Supplied material section start
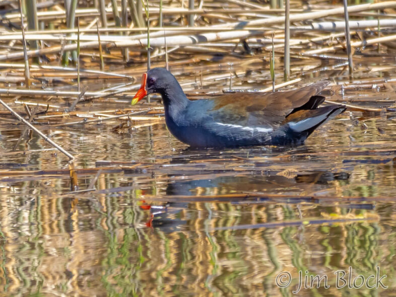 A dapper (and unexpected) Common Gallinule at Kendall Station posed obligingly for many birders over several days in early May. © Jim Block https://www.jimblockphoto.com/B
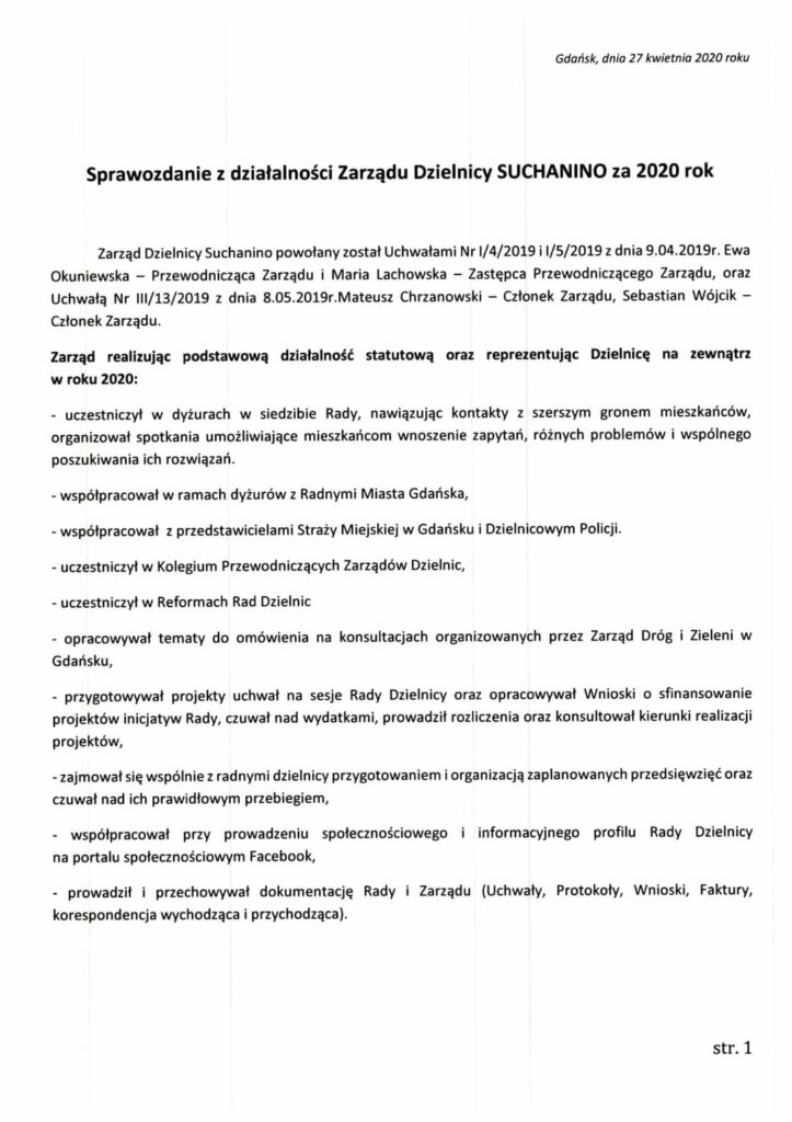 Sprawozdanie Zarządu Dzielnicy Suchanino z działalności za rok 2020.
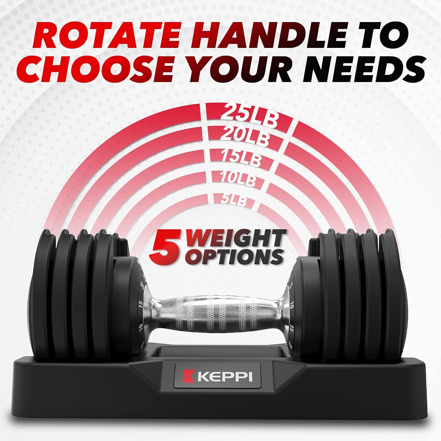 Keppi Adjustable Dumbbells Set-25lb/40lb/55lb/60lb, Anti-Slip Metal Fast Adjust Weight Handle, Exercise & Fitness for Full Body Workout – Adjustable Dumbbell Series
Supplied material section end
→ **Brief**
Pictures are to be left out; all other data must be returned exactly.

→ **Task answer**
 A dapper (and unexpected) Common Gallinule at Kendall Station posed obligingly for many birders over several days in early May. © Jim Block https://www.jimblockphoto.com/B
 Sprawozdanie Zarządu Dzielnicy Suchanino z działalności za rok 2020.
 Keppi Adjustable Dumbbells Set-25lb/40lb/55lb/60lb, Anti-Slip Metal Fast Adjust Weight Handle, Exercise & Fitness for Full Body Workout – Adjustable Dumbbell Series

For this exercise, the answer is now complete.